An earlier McPherson collection of solos, “This Lime Tree Bower,” opens next month at off-Broadway’s Primary Stages. There, no ghosts, no supernatural encounters. The monologues read like punk Brian Friel--highly energetic, lots of drinking, puking, shagging, drinking and puking. Only the general alcohol intake links them to the deceptively cozy world of “The Weir.”

Director Ian Rickson’s staging is excellent--fully, easefully inhabited by the London West End cast. Coyle’s taciturn barkeep comes in first among equals, his inflections adding just the right undercurrent of suspense. (In his case, the suspense has everything to do with the presence of Fairley’s grave but vital Valerie.) Everything’s dwarfed by the drab olive-gray walls of scenic designer Rae Smith’s grubby little pub.

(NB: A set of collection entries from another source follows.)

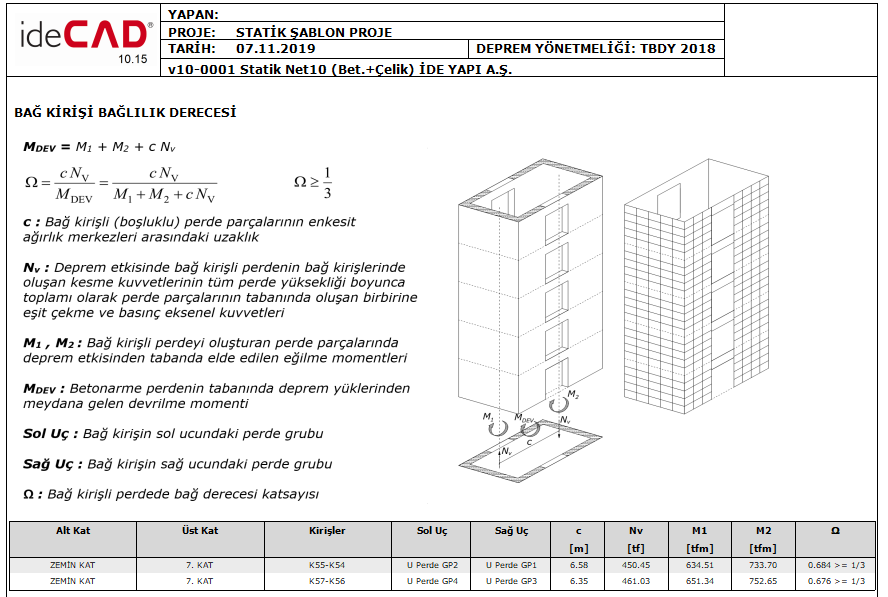 4.5.4.4 gereği bağ derecesi katsayısı ve bağ kirişli perde tanımlarına uygun olup olmadıkları Denklem 4.13 , 4.14 ve 4.15 ile otomatik hesaplanır ve gereken durumlarda uyarı verilir.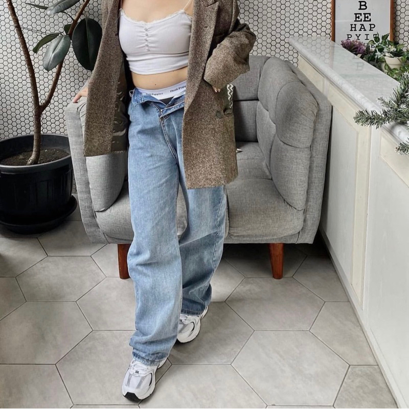 celana wanita highwaist ripped denim baggy wide leg jeans adjustable button loose blue medium unisex snow blue light straight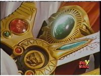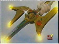 Galaxy Megazord's Orion Armored Saber begins to glow as it holds it forth. |
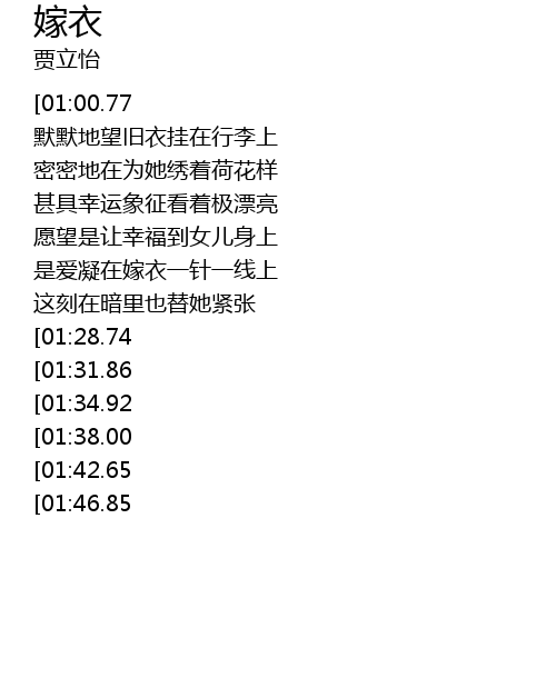 | [00:08.21][01:00.77][01:51.97] | 贾立怡-嫁衣(粤) |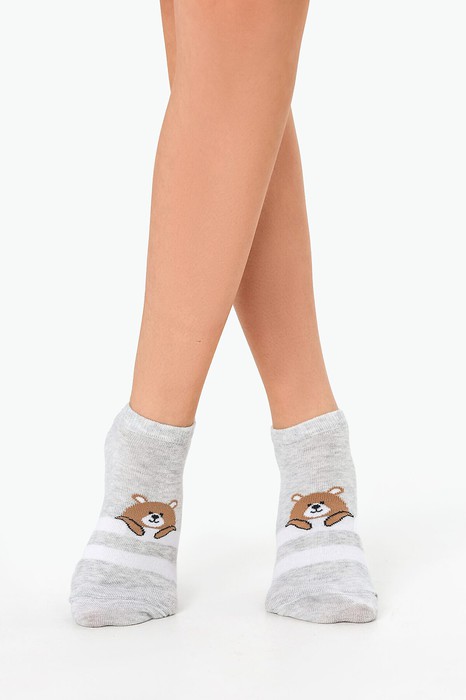 рис.3180 Детский укороченный носок с рисунком в виде полосок и мишки.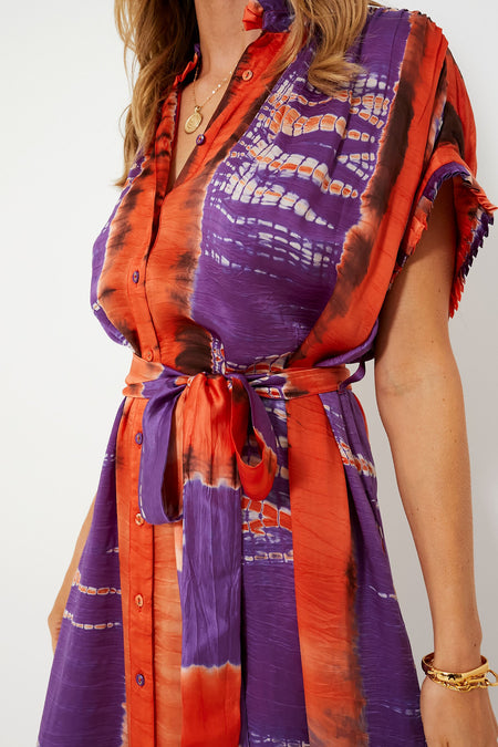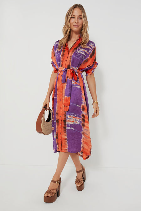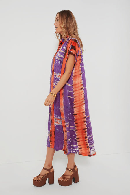Slip away to sunny days outside with the Valerie Kaftan. Rich in colorful hues, this tie dye style features a spread collar, short sleeves, a curved hem, and a removable tie at the waist so you can choose to wear it loose or cinch the waist. This relaxed silhouette is breathable and allows for optimal movement! Style with sandals and your favorite sunnies for a day in the garden or brunch with friends.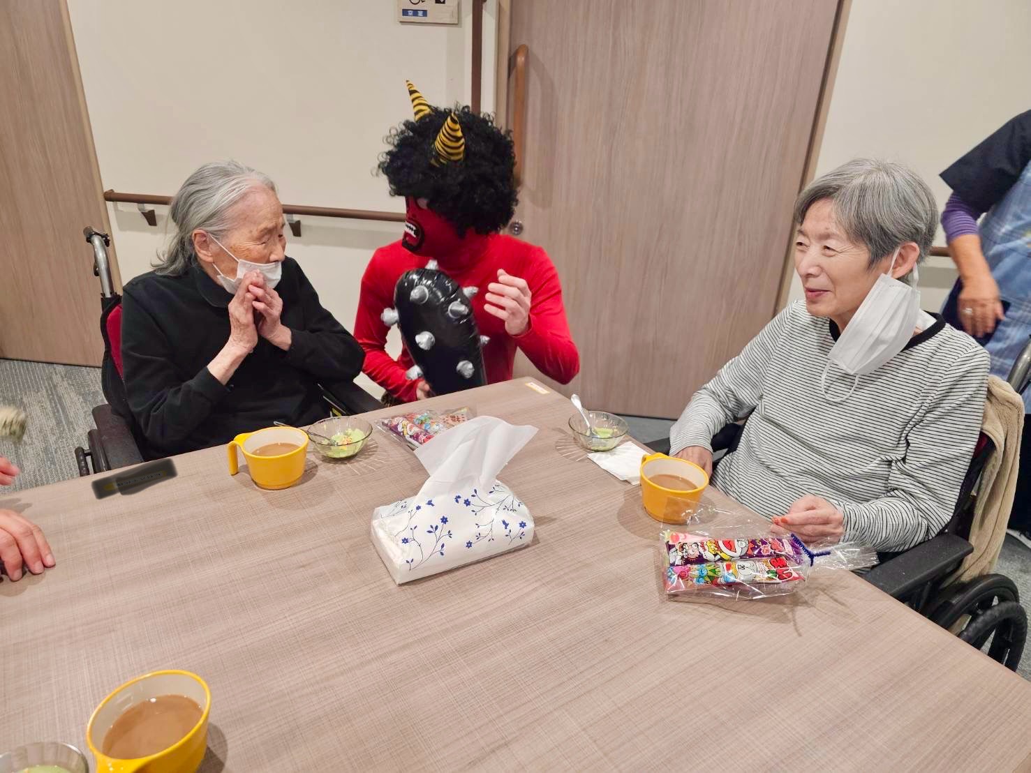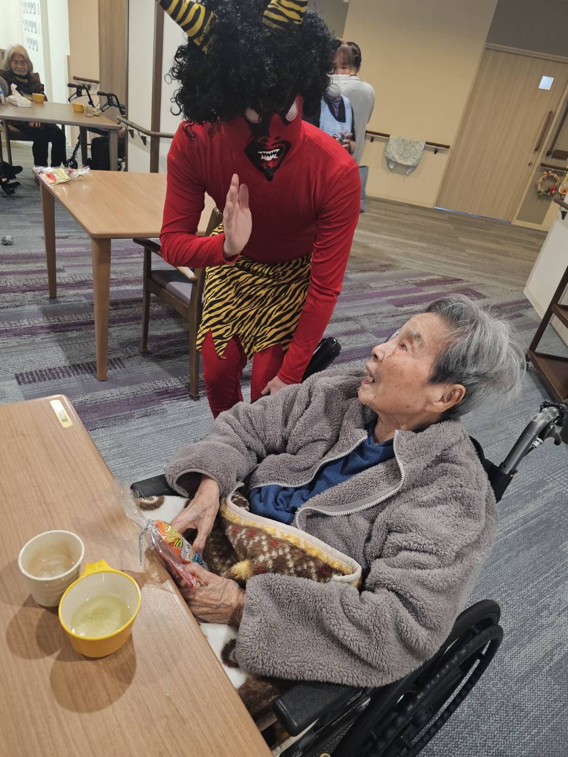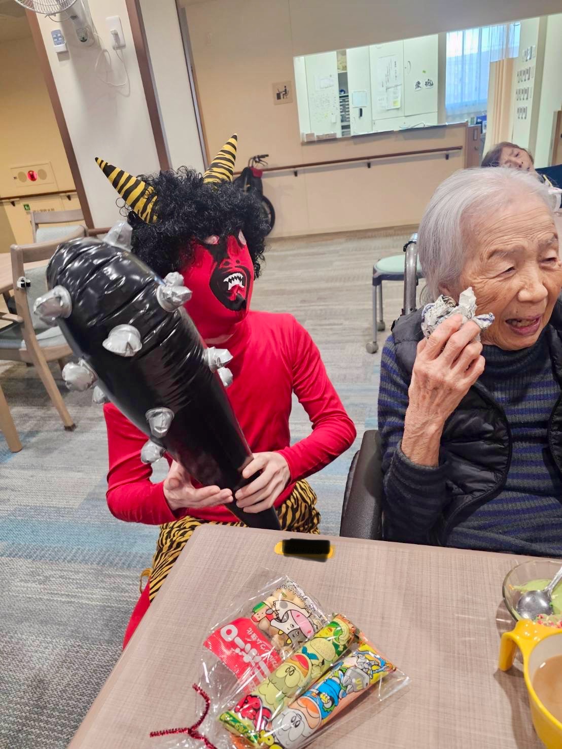 節分の本日、ミモザ前橋に鬼が来ました。 可愛いお面をつけた鬼と、こわいこわい赤鬼!!鬼の突然の出現に利用者様はビックリしていましたが、「鬼は外、福は内」とみなさんと共に鬼退治。笑顔あふれる楽しい午後のひと時でした♪

Perhaps Broadway has encouraged the actors to stretch out. Director Rickson allows his ingratiating ensemble to get away with a wee bit of murder: The pacing’s extremely leisurely, every exchange mined for full value, to the point where you wouldn’t mind a few more throwaway moments. In between the big stories, McPherson writes his share of offhanded banter; why not treat it as such? Besides, the text can’t support much in the way of Meaning. The stories in “The Weir” should sneak up on us. McPherson’s barkeep is right. It’s a good little tale.